[[ Data block, beginning ]]

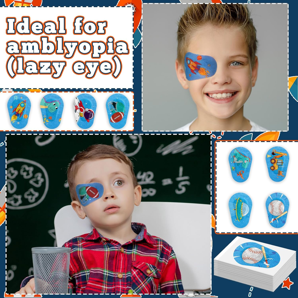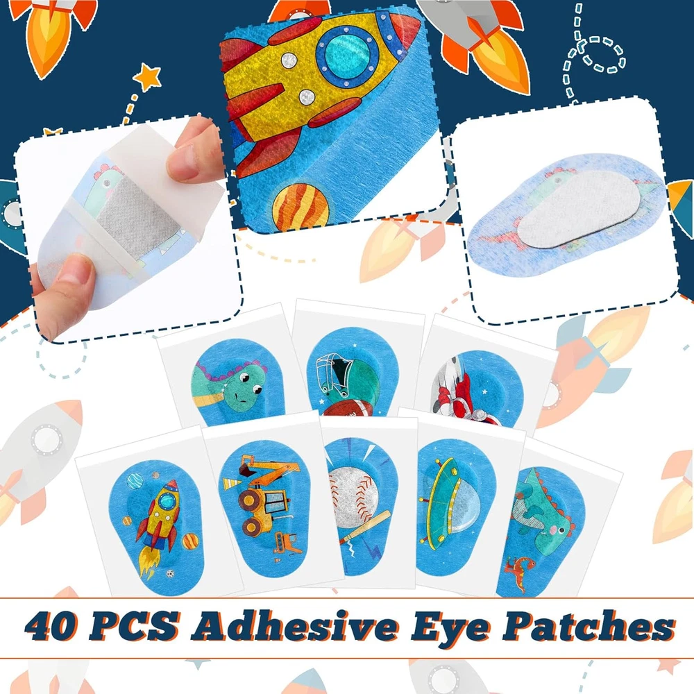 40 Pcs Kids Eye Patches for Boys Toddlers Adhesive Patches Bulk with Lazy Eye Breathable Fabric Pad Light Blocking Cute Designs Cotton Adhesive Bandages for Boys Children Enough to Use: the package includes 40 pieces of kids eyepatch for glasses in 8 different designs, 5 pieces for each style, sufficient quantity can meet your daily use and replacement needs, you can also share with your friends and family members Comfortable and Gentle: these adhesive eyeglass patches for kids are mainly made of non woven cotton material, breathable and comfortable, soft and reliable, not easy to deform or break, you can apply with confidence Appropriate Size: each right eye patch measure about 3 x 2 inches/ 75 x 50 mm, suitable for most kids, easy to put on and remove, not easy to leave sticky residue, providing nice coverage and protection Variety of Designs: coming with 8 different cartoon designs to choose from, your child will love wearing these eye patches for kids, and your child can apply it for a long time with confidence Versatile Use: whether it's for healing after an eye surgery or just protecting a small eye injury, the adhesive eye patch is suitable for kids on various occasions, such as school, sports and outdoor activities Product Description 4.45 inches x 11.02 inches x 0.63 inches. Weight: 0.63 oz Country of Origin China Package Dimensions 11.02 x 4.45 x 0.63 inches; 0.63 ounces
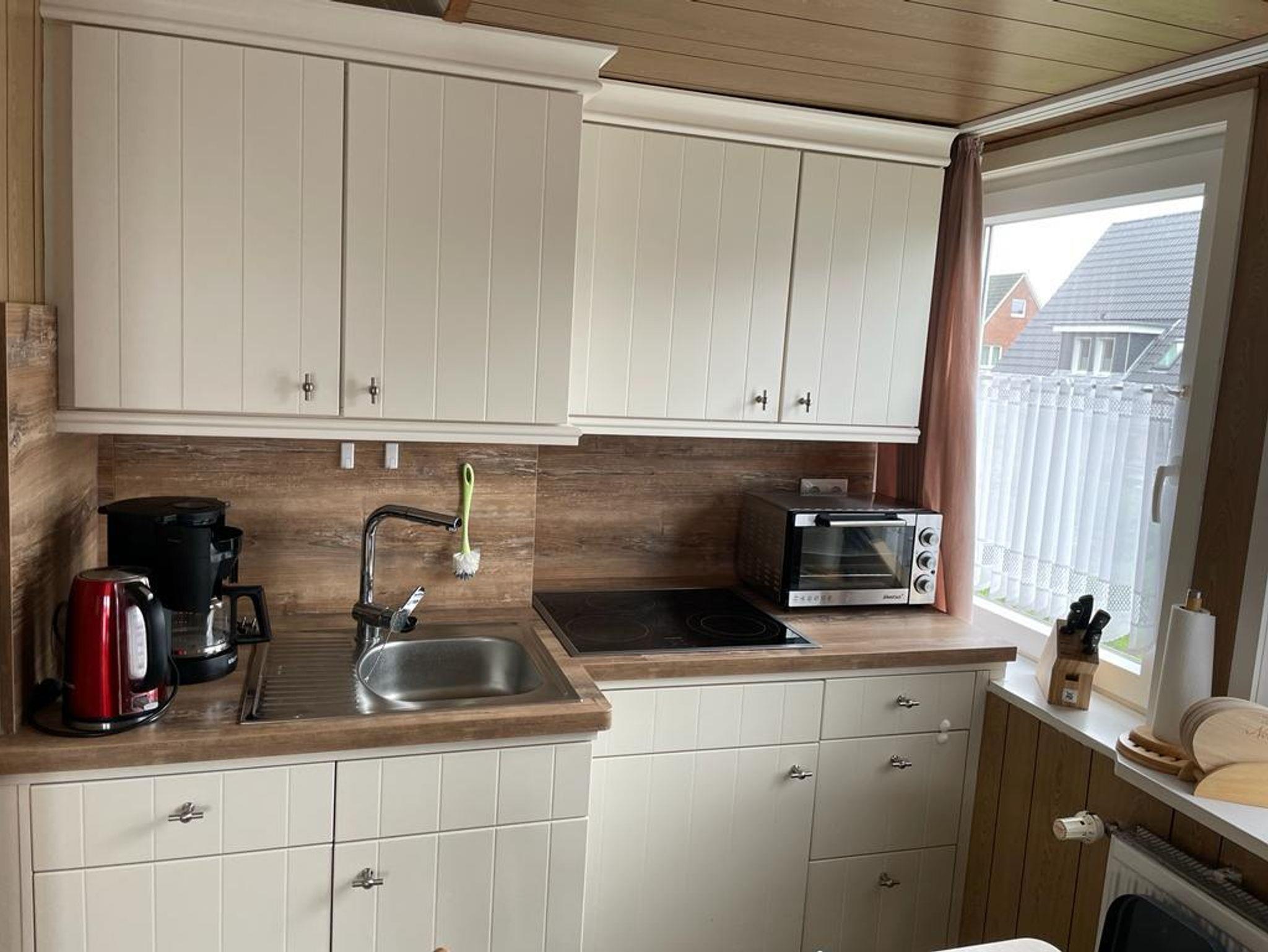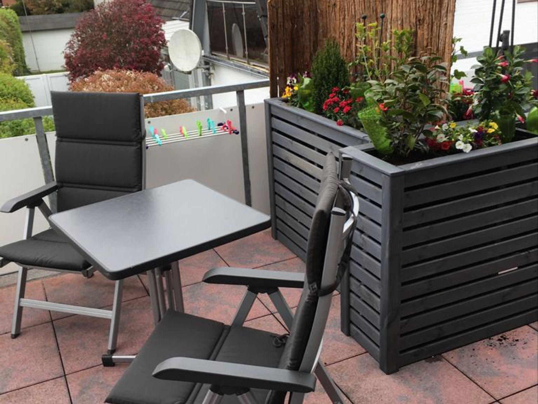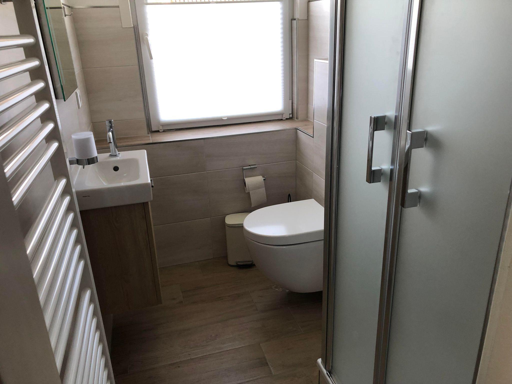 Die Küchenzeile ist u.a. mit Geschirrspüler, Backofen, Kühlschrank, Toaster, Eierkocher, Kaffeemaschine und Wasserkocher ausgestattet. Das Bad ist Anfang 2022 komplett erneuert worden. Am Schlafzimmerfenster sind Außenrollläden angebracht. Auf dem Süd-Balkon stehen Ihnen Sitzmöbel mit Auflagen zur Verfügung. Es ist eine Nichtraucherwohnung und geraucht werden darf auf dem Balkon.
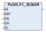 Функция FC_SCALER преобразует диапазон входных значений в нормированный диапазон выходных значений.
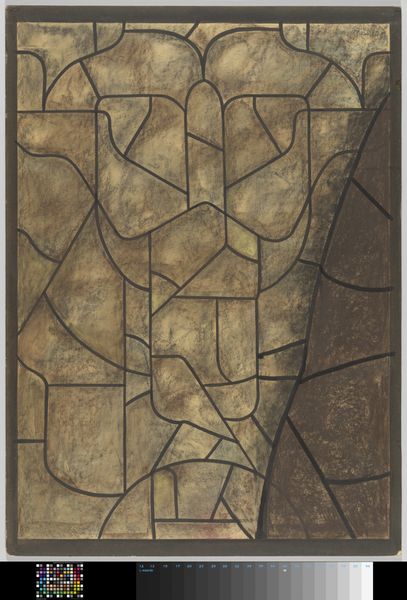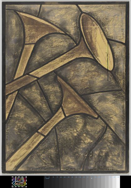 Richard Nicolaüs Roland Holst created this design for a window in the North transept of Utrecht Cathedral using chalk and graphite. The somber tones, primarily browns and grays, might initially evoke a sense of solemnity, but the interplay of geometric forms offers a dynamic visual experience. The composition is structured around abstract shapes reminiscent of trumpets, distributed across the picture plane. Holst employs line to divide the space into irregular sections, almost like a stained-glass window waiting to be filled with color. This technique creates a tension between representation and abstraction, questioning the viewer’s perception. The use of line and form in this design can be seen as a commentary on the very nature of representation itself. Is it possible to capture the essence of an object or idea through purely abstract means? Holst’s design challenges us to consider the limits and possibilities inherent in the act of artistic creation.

[[ Data block, end ]]

▶ _What to produce_
All of the material should be reproduced exactly, apart from the pictures.

▶ _Result of this task_
 40 Pcs Kids Eye Patches for Boys Toddlers Adhesive Patches Bulk with Lazy Eye Breathable Fabric Pad Light Blocking Cute Designs Cotton Adhesive Bandages for Boys Children Enough to Use: the package includes 40 pieces of kids eyepatch for glasses in 8 different designs, 5 pieces for each style, sufficient quantity can meet your daily use and replacement needs, you can also share with your friends and family members Comfortable and Gentle: these adhesive eyeglass patches for kids are mainly made of non woven cotton material, breathable and comfortable, soft and reliable, not easy to deform or break, you can apply with confidence Appropriate Size: each right eye patch measure about 3 x 2 inches/ 75 x 50 mm, suitable for most kids, easy to put on and remove, not easy to leave sticky residue, providing nice coverage and protection Variety of Designs: coming with 8 different cartoon designs to choose from, your child will love wearing these eye patches for kids, and your child can apply it for a long time with confidence Versatile Use: whether it's for healing after an eye surgery or just protecting a small eye injury, the adhesive eye patch is suitable for kids on various occasions, such as school, sports and outdoor activities Product Description 4.45 inches x 11.02 inches x 0.63 inches. Weight: 0.63 oz Country of Origin China Package Dimensions 11.02 x 4.45 x 0.63 inches; 0.63 ounces
 Die Küchenzeile ist u.a. mit Geschirrspüler, Backofen, Kühlschrank, Toaster, Eierkocher, Kaffeemaschine und Wasserkocher ausgestattet. Das Bad ist Anfang 2022 komplett erneuert worden. Am Schlafzimmerfenster sind Außenrollläden angebracht. Auf dem Süd-Balkon stehen Ihnen Sitzmöbel mit Auflagen zur Verfügung. Es ist eine Nichtraucherwohnung und geraucht werden darf auf dem Balkon.
 Функция FC_SCALER преобразует диапазон входных значений в нормированный диапазон выходных значений.
 Richard Nicolaüs Roland Holst created this design for a window in the North transept of Utrecht Cathedral using chalk and graphite. The somber tones, primarily browns and grays, might initially evoke a sense of solemnity, but the interplay of geometric forms offers a dynamic visual experience. The composition is structured around abstract shapes reminiscent of trumpets, distributed across the picture plane. Holst employs line to divide the space into irregular sections, almost like a stained-glass window waiting to be filled with color. This technique creates a tension between representation and abstraction, questioning the viewer’s perception. The use of line and form in this design can be seen as a commentary on the very nature of representation itself. Is it possible to capture the essence of an object or idea through purely abstract means? Holst’s design challenges us to consider the limits and possibilities inherent in the act of artistic creation.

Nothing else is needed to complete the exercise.